O Estado de São Paulo, n. 45012, 12/01/2017. Política, p. A4

TRF4 valida renovações de grampo e denúncia anônima

 

Ricardo Brandt
Julia Affonso
Fausto Macedo

 

Desembargadores do Tribunal Regional Federal da 4.ª Região (TRF4) aprovaram súmulas que autorizam abrir investigação com base em denúncia anônima, “quando amparada por outro indício”, e a renovação sucessiva de interceptação telefônica, “caso persista a necessidade de apuração”. Na prática, as decisões dificultam duas das principais contestações à arregimentação de provas em investigações, entre elas a Operação Lava Jato.

As súmulas, aprovadas por unanimidade pela 4.ª Seção do tribunal, representam a interpretação majoritária do colegiado e devem ser seguidas pelos demais magistrados vinculados àquela corte. A jurisdição do TRF4 abrange o Paraná, sede da Lava Jato na primeira instância.

Advogados de investigados na operação criticaram o entendimento dos desembargadores. Segundo o criminalista Antônio Claudio Mariz de Oliveira, as decisões representam “desprezo às garantias individuais” de investigados. “A renovação sucessiva de interceptações deixa o cidadão que tem a sua comunicação interceptada à mercê de uma decisão amparada apenas em informações subjetivas”, disse Mariz, defensor de um ex-executivo da Camargo Corrêa investigado na Lava Jato (mais informações na pág.

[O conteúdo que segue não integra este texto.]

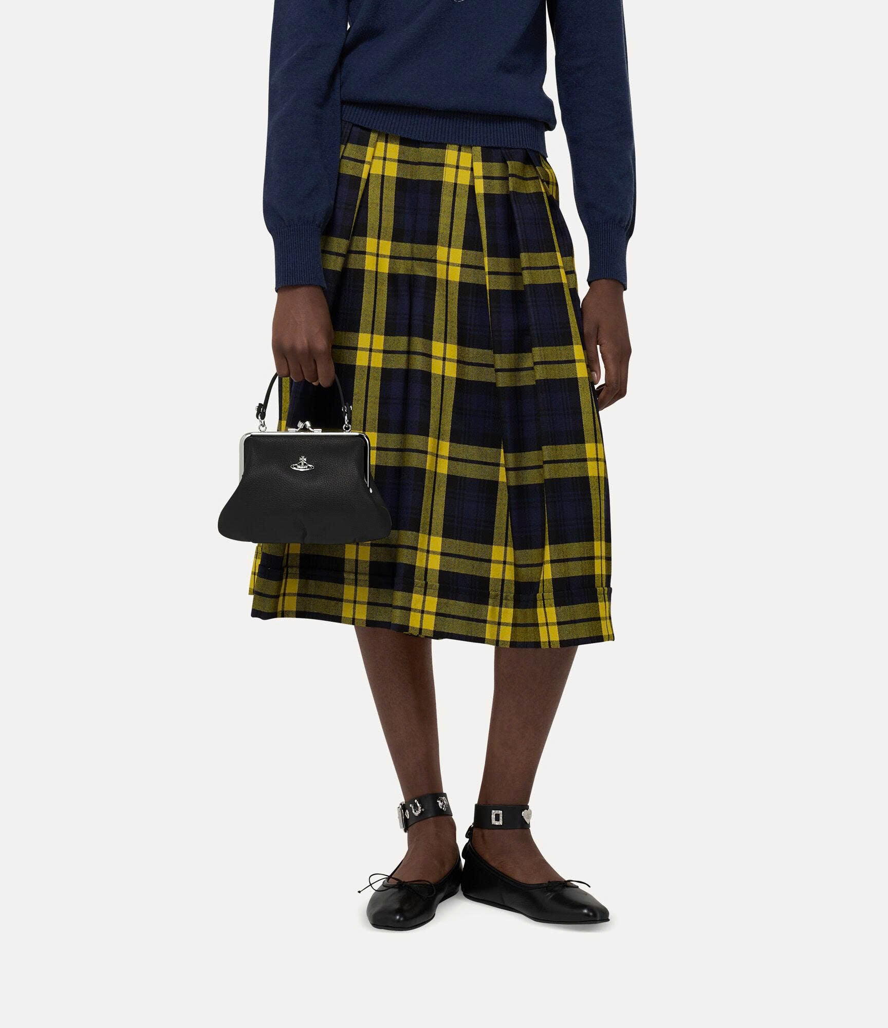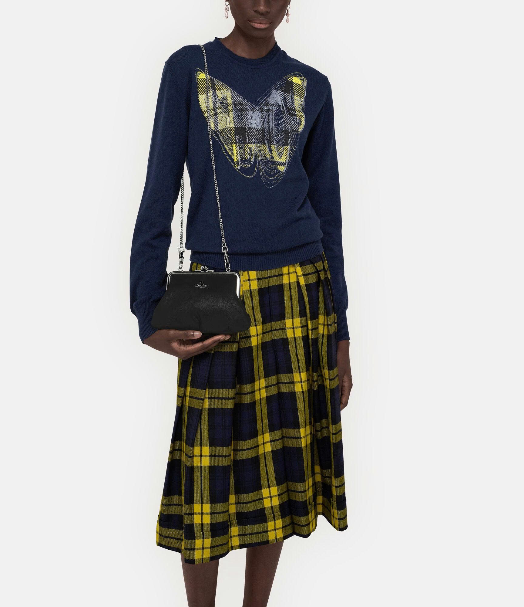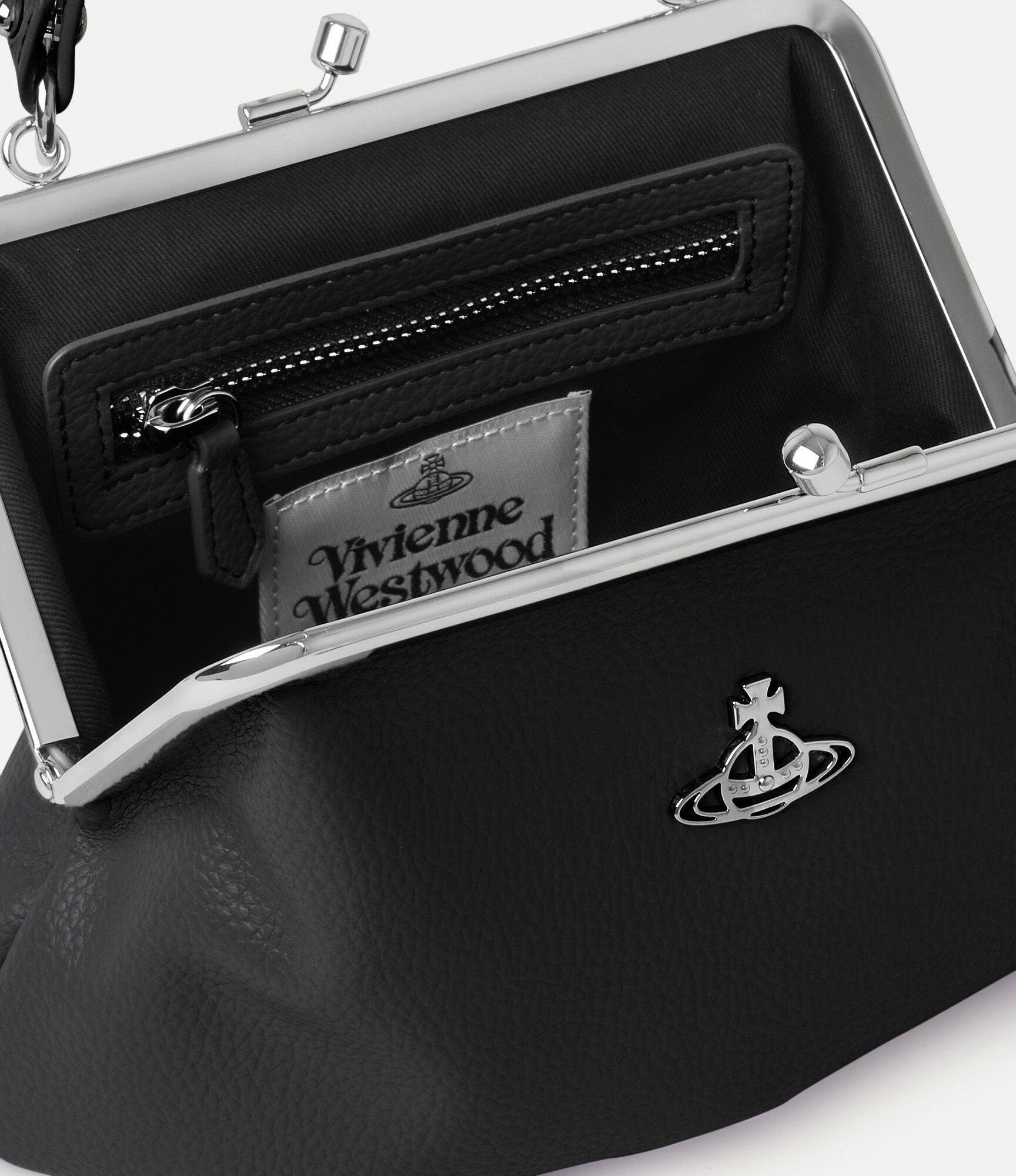 The design of the Granny Frame purse references early 20th-century coin purses, offering an exposed polished framework and a kiss-lock clasp, complete with a grain-embossed finish. At the centre sits a silver-tone orb motif, which symbolises tradition, encircled by the celestial rings of Saturn, symbolising the future.
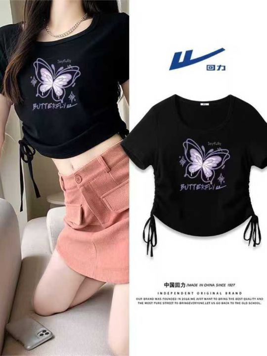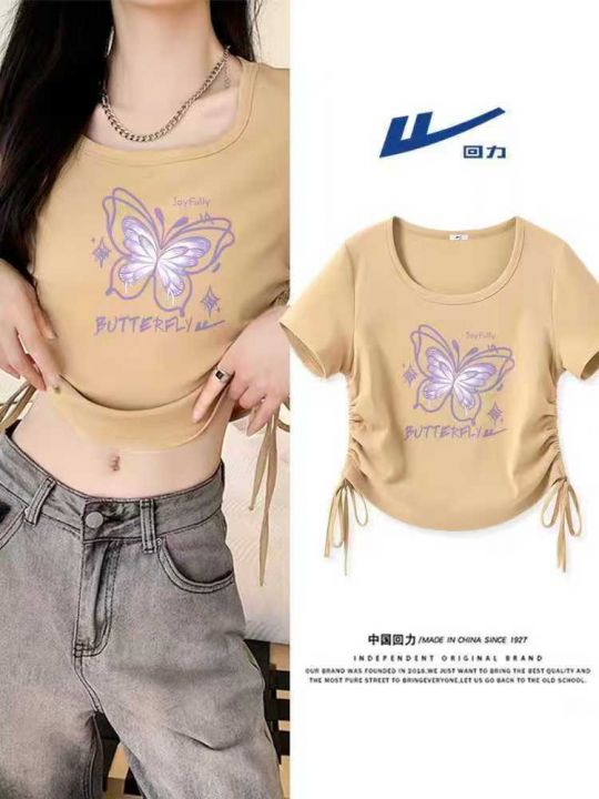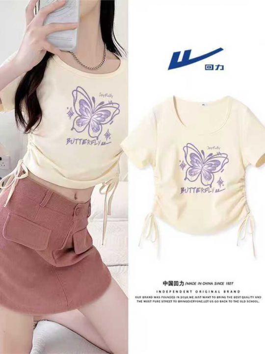 整款辣妹短袖t恤女夏季新款抽绳修身短款夏日多巴胺辣...

A5).

O advogado fez referência à súmula 129, que afirma ser “lícita a sucessiva renovação da interceptação telefônica, enquanto persistir sua necessidade para a investigação”. A questão é controversa e suscita discussões no meio jurídico.

A lei determina que a escuta “não poderá exceder o prazo de quinze dias, renovável por igual tempo, uma vez comprovada a indispensabilidade do meio de prova”. Uma resolução do Conselho Nacional de Justiça (CNJ) e decisões de tribunais Brasil afora, no entanto, admitem o emprego desse instrumento de investigação por mais tempo, desde que essencial para desvendar os crimes em apuração.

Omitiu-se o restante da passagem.